Advanced data structures

[Dann Corbit]

The reason the solutions are huge in C++ templates, is that the C++ template
language is extremely clumsy. It's driven by declarations, and can fails to do
even some obvious inference. Classes have to be used in order to emulate
type-valued functions. If you want a function f:U, V -> T where U, V and T are
types, rather than values, then you can't just write a function. You have to
write a class, where the return value T is hacked as some member.

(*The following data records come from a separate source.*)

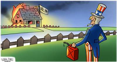 ▲ 美国在乌克兰危机中不断煽风点火,加剧紧张局势,自己却在大西洋彼岸隔岸观火。 (漫画|刘蕊)
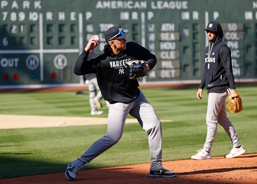 The Yankees slugger took some reps at third base during warmups ahead of Tuesday’s series opener against the Red Sox at Boston’s Fenway Park.
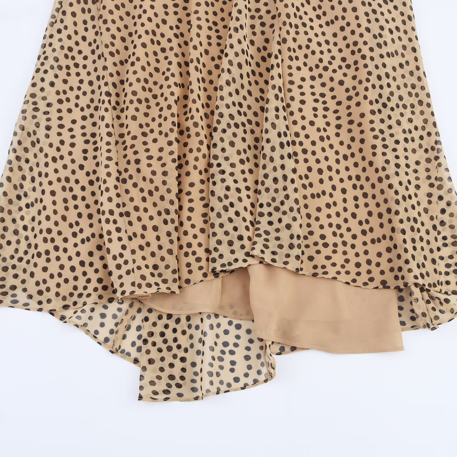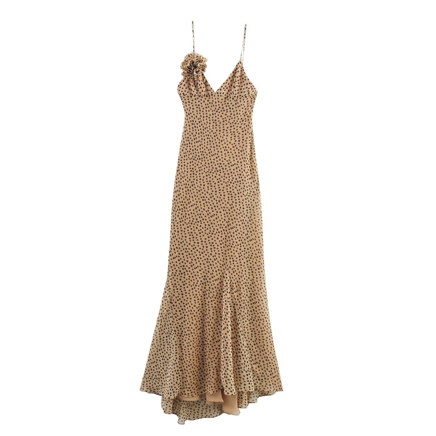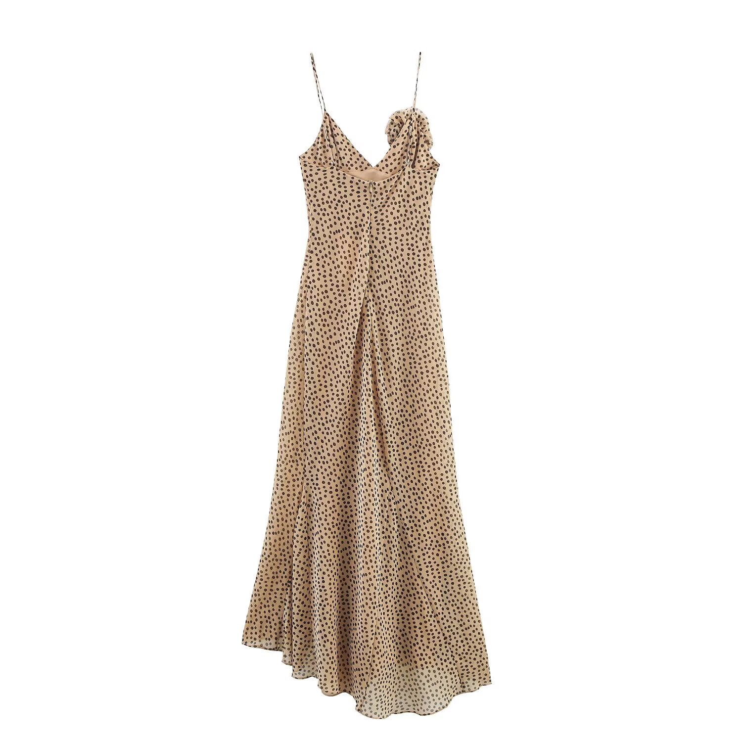 Women's new fashion flower decoration polka dot print suspender MIDI dress

And you
can't write a body of algorithmic code to compute that member; it all has to be
done in terms of templates: the class member which returns the function's
type-value is either just declared literally, or computed using calls
to other templates, which is very limited in terms of expressivity.
Things like if/else decisions all have to be coded as template classes.
Then you have to write reams of specializations for that class for various
instantiations of U and V. Oh yeah, and the C++ template system sometimes
doesn't even know when someting is intended to be a type, so you have to remind
it with ``typename''. The whole thing is the avoidance of giving the
programmer what is really needed: namely a compile-time meta-programming

I don't really know the Haskell language, though it does sound
interesting.

I will download and read that cited paper.

 

[Kaz Kylheku]

I don't really know the Haskell language, though it does sound
interesting.

I will download and read that cited paper.

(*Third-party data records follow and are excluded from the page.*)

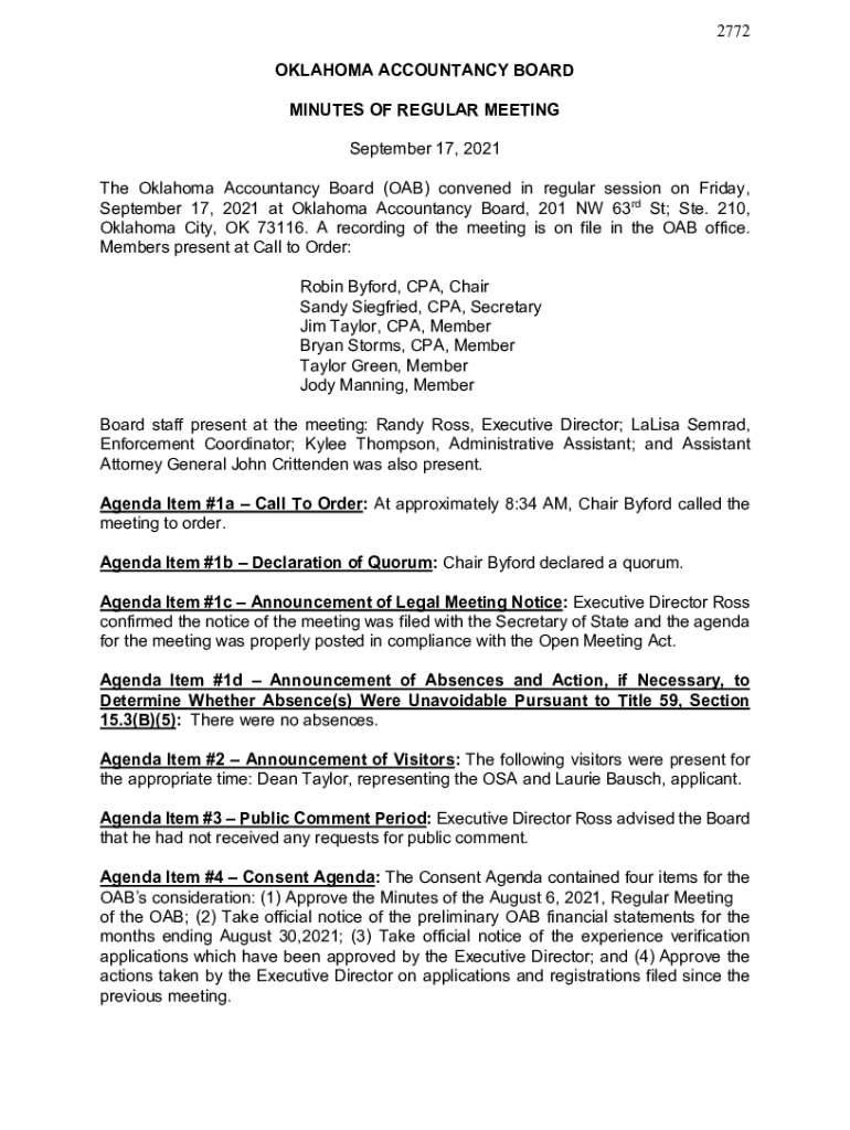 2772 OKLAHOMA ACCOUNTANCY BOARD MINUTES OF REGULAR MEETING September 17, 2021, The Oklahoma Accountancy Board (OAB) convened in regular session on Friday, September 17, 2021, at Oklahoma Accountancy
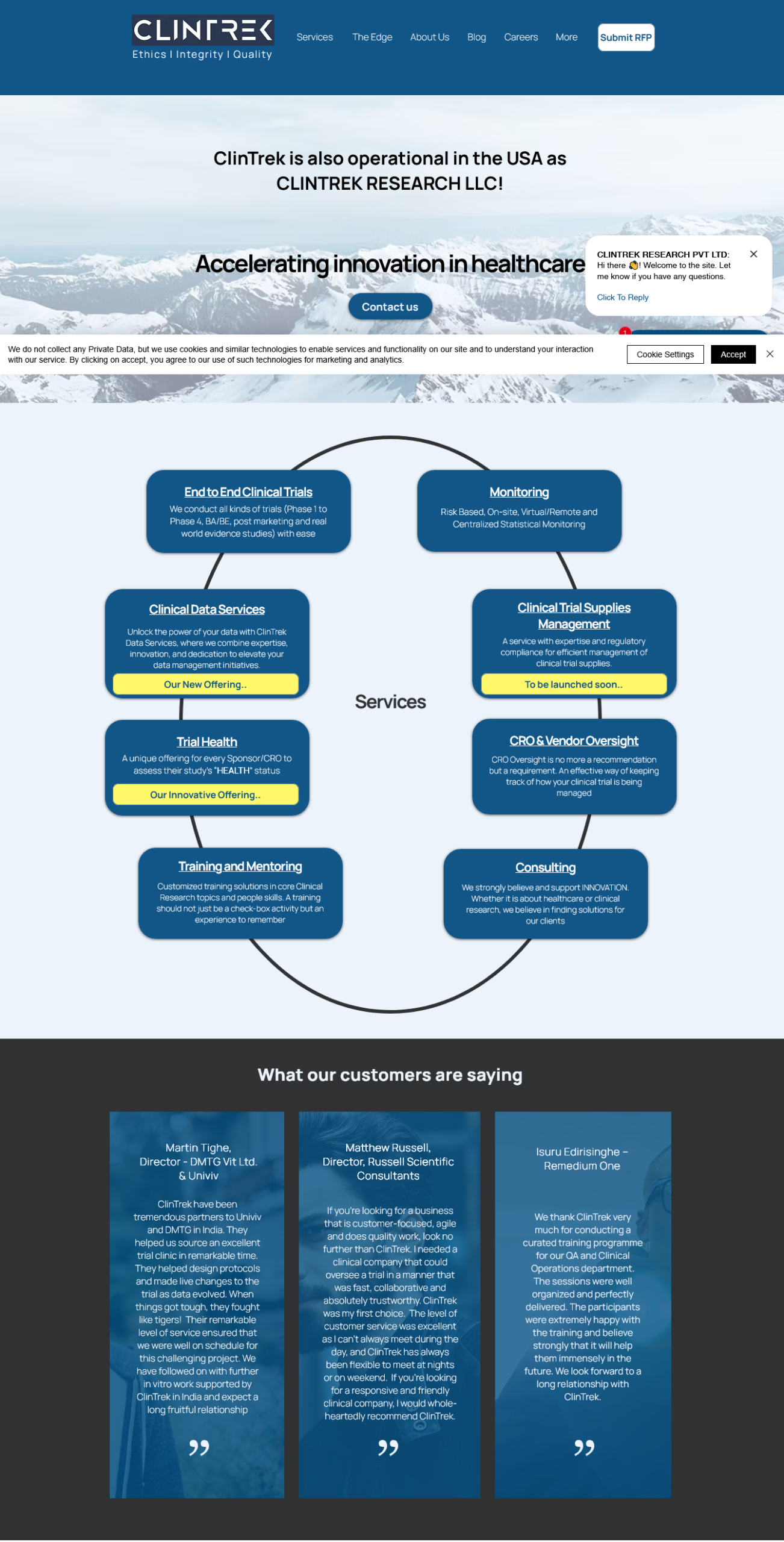 Our agility, flexibility, and solution-oriented approach continue to set us apart in the industry. At ClinTrek, innovation is not just a buzzword; it's a constant driving force that propels us forward 24x7.
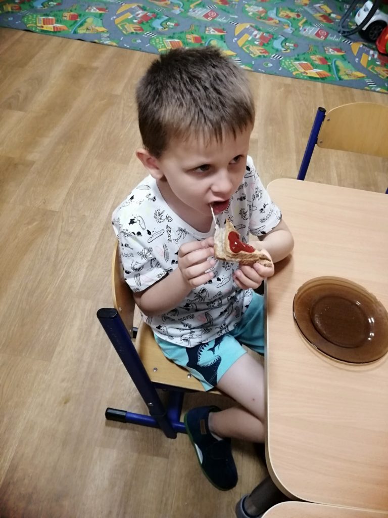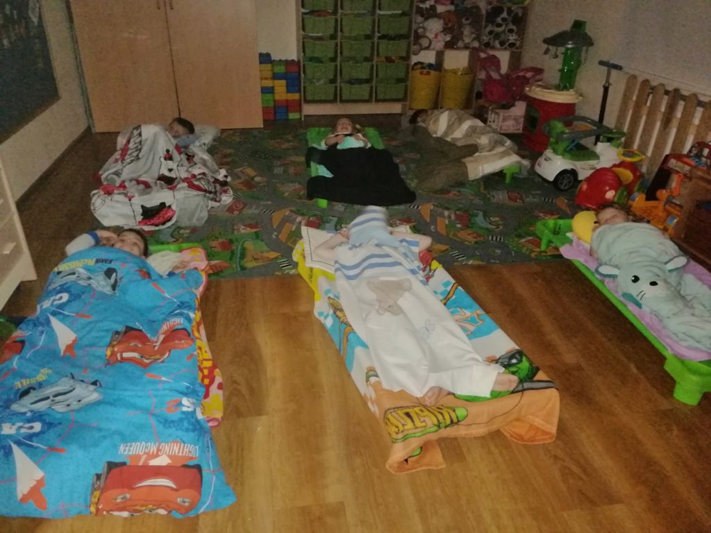 Nasze przedszkolaki postanowiły przeżyć nowa przygodę- nocowanie w przedszkolu. Ten wspólny czas zupełnie inny niz na codzień okazał się świetną zabawą! Aby przyrządzić pyszną kolację i śniadanko wybraliśmy się do sklepu po zakupy. Po zakupach przyszedł czas na zabawę na placu zabaw. Zabawa była bardzo fajna, ale i męcząca, postanowilismy więc wrócic do sali przedszkolnej. Tam głodni jak wilki szybko zjedliśmy pyszną kolację- cieplutkie tosty z serem i szynką oraz rozgrzewająca herbatkę. Po kolacji nasza sala zamieniła się w dużą sypialnię. Myjemy ząbki, przebieramy się w piżamki i czas spać. Nasze przedszkolaki zasnęły w mgnieniu oka. Rano po obudzeniu sniadanie, zabawa i oglądanie ulubionej bajki, aż tu nagle przyjechali po nas rodzice. Nasze przedszkolaki zdaly ten egzamin na 6!

That's a terrible starting point for Haskell, describing the workings of a
Template extension, but good luck!

 

[bartc]

Anyone who is not comfortable with 0-based indexing needs to buy a new
mattress. The contortions you have to go through to use other bases just
melt away when you switch to 0.

I think there are more contortions with starting from zero; you need to deal
with 0, N-1 and N. With 1-based, you deal with 1,N and only sometimes N-1.
(This is for counting or enumerating things; for measuring, then starting
from zero is better.)

For its power to communicate algorithmic ideas readably, I would choose C
not just over MIX, but over Java, C++, Li*p... everything. Have you a more
apt language in mind?

Pseudo-code will do me. That is, 1-based pseudo-code.

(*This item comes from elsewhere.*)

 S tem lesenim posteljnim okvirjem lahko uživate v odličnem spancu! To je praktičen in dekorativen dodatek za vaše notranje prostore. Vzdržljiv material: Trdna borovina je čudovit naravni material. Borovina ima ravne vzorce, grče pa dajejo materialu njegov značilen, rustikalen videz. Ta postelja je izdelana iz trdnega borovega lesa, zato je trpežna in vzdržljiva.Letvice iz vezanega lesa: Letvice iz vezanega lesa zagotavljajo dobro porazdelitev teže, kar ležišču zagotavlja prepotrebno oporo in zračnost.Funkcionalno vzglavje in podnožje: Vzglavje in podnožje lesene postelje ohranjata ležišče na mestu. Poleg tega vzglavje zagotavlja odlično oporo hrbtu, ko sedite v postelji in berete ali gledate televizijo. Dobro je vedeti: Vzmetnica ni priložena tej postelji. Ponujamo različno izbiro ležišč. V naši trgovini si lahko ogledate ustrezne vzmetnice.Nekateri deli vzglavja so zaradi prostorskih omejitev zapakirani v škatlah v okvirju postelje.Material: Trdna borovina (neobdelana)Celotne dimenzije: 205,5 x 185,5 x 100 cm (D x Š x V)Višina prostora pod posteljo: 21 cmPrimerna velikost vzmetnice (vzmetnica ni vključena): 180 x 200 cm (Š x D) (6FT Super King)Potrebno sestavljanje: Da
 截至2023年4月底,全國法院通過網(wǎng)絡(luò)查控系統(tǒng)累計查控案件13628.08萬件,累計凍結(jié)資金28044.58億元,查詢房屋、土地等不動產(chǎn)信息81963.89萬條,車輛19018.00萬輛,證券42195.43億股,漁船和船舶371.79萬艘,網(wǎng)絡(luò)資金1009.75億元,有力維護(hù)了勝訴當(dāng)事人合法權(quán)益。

And printed to make nice use of bold and italics. Printed C code always used
to look anaemic because of the thin courier font used (but perhaps that has
changed recently, and with stuff being on-line).

 

[Ian Collins]

Dann Corbit a écrit :

Yes. The problem with C++ is in other parts of the language and
in its enormous complexity.

Complexity which, as we have discussed before, you don't have to use.
In C++, just like in C, you don't have to pay for what you don't use.

As I posted a couple of days ago, any given problem will require a fixed
amount of complexity to solve. The programmer has the choice of
implementing the complexity himself, or leaving it to the compiler writer!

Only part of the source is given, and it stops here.